■ PROBLEM: Every line from the start of the listing below through the line that contains "Последняя пятница апреля" is to be reproduced word for word.

■ GIVEN DATA:
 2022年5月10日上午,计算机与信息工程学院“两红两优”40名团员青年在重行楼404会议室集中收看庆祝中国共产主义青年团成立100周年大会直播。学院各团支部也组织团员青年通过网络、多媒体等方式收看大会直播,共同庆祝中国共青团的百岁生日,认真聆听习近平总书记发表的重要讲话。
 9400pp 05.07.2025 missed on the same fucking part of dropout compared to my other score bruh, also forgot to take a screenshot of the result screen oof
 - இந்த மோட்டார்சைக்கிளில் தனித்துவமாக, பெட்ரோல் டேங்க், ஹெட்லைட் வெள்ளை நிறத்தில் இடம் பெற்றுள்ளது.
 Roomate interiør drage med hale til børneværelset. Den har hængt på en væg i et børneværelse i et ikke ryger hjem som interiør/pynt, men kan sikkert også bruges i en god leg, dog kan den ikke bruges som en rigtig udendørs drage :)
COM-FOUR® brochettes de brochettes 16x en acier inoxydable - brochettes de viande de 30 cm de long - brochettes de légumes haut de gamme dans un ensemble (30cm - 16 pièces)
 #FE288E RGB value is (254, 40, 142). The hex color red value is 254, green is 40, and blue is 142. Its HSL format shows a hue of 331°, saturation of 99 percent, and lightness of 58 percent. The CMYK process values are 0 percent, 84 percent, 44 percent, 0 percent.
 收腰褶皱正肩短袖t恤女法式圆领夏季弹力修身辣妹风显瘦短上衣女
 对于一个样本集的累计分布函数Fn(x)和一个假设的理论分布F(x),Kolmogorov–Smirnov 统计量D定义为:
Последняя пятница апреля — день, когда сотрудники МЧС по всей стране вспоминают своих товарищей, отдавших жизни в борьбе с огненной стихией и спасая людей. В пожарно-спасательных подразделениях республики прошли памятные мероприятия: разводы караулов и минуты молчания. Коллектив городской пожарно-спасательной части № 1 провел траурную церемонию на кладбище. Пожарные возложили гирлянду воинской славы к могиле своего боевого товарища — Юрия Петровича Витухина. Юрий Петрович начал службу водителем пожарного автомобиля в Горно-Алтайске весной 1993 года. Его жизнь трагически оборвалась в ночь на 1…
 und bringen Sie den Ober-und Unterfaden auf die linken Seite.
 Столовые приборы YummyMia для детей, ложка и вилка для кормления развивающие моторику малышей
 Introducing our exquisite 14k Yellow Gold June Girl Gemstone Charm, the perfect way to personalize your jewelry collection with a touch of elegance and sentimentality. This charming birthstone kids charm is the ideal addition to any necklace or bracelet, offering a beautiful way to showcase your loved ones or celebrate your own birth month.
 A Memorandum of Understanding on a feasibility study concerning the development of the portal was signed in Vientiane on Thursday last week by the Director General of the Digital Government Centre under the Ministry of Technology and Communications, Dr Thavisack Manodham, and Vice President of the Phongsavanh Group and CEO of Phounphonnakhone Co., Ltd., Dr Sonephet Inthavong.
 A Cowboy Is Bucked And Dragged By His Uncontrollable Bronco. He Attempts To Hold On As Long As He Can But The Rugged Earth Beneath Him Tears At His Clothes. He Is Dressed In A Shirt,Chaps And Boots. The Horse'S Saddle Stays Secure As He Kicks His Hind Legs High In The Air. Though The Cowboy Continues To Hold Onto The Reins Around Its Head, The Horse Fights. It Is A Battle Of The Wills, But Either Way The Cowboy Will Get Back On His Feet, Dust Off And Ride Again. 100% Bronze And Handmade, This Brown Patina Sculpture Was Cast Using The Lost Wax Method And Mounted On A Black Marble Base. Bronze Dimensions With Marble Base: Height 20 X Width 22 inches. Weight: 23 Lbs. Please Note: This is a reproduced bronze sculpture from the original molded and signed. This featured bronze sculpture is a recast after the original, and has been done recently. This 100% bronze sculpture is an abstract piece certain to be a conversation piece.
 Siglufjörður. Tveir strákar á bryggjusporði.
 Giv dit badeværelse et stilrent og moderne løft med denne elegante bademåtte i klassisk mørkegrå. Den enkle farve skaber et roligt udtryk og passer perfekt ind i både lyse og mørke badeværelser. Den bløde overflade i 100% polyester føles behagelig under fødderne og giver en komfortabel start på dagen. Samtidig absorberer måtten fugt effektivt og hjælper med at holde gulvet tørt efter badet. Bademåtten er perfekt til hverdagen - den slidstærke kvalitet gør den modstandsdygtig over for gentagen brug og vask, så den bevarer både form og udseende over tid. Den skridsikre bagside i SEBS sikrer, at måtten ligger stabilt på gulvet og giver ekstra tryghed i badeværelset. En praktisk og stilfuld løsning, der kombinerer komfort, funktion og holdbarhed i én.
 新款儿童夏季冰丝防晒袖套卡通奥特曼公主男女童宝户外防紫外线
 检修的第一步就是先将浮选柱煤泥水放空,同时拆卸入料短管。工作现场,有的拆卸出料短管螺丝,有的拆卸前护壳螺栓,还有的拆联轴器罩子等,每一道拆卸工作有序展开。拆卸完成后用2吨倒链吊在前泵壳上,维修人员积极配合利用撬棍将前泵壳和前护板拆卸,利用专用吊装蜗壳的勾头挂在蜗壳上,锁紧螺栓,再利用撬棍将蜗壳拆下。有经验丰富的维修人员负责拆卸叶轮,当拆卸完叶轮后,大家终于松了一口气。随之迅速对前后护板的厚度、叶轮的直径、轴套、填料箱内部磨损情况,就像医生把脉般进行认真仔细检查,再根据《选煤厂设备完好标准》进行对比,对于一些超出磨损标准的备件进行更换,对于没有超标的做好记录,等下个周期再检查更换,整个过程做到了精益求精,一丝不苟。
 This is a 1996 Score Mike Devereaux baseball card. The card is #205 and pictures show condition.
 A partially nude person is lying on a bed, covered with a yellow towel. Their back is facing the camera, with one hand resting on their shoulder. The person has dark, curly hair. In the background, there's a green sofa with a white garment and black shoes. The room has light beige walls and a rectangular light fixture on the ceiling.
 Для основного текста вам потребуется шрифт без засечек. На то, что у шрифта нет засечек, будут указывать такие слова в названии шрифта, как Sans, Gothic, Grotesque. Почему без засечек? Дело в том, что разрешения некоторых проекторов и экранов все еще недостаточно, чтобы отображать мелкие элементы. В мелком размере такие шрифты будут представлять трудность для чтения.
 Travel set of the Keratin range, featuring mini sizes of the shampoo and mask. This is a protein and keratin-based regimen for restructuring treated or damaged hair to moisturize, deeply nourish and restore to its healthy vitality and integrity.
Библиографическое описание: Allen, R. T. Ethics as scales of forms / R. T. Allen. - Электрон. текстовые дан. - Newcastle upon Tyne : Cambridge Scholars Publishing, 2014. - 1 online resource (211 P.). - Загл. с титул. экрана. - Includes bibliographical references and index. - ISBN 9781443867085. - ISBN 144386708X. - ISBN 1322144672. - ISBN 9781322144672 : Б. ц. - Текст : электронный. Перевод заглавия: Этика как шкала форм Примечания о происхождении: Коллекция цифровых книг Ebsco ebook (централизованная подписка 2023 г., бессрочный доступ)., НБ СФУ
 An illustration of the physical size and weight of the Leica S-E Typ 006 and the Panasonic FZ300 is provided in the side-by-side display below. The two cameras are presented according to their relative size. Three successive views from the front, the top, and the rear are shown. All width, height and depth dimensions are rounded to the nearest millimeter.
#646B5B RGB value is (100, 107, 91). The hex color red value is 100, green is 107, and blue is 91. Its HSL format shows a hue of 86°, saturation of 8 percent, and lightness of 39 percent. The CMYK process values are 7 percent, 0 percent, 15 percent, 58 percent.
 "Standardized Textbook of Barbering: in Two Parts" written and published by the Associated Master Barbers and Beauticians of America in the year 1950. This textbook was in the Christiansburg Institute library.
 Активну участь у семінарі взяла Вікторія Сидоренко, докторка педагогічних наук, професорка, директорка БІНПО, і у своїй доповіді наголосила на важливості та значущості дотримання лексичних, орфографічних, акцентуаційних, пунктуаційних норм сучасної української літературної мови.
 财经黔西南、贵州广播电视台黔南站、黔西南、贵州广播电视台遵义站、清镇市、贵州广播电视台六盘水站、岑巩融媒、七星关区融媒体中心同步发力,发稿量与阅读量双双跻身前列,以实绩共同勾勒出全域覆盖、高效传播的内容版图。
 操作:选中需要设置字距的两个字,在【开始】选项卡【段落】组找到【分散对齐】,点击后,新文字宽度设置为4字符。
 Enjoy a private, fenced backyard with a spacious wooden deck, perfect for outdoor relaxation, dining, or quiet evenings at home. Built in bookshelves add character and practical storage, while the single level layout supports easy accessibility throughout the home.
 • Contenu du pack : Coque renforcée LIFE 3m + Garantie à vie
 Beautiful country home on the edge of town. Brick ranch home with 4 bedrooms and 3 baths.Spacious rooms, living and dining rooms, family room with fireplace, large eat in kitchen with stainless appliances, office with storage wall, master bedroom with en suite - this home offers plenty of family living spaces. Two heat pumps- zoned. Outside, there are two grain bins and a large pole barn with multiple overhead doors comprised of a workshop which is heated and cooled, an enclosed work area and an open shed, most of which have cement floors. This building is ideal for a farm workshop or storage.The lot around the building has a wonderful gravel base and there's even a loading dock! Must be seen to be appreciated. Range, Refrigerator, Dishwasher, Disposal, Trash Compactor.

■ SOLUTION TO THIS TASK:
 2022年5月10日上午,计算机与信息工程学院“两红两优”40名团员青年在重行楼404会议室集中收看庆祝中国共产主义青年团成立100周年大会直播。学院各团支部也组织团员青年通过网络、多媒体等方式收看大会直播,共同庆祝中国共青团的百岁生日,认真聆听习近平总书记发表的重要讲话。
 9400pp 05.07.2025 missed on the same fucking part of dropout compared to my other score bruh, also forgot to take a screenshot of the result screen oof
 - இந்த மோட்டார்சைக்கிளில் தனித்துவமாக, பெட்ரோல் டேங்க், ஹெட்லைட் வெள்ளை நிறத்தில் இடம் பெற்றுள்ளது.
 Roomate interiør drage med hale til børneværelset. Den har hængt på en væg i et børneværelse i et ikke ryger hjem som interiør/pynt, men kan sikkert også bruges i en god leg, dog kan den ikke bruges som en rigtig udendørs drage :)
COM-FOUR® brochettes de brochettes 16x en acier inoxydable - brochettes de viande de 30 cm de long - brochettes de légumes haut de gamme dans un ensemble (30cm - 16 pièces)
 #FE288E RGB value is (254, 40, 142). The hex color red value is 254, green is 40, and blue is 142. Its HSL format shows a hue of 331°, saturation of 99 percent, and lightness of 58 percent. The CMYK process values are 0 percent, 84 percent, 44 percent, 0 percent.
 收腰褶皱正肩短袖t恤女法式圆领夏季弹力修身辣妹风显瘦短上衣女
 对于一个样本集的累计分布函数Fn(x)和一个假设的理论分布F(x),Kolmogorov–Smirnov 统计量D定义为:
Последняя пятница апреля — день, когда сотрудники МЧС по всей стране вспоминают своих товарищей, отдавших жизни в борьбе с огненной стихией и спасая людей. В пожарно-спасательных подразделениях республики прошли памятные мероприятия: разводы караулов и минуты молчания. Коллектив городской пожарно-спасательной части № 1 провел траурную церемонию на кладбище. Пожарные возложили гирлянду воинской славы к могиле своего боевого товарища — Юрия Петровича Витухина. Юрий Петрович начал службу водителем пожарного автомобиля в Горно-Алтайске весной 1993 года. Его жизнь трагически оборвалась в ночь на 1…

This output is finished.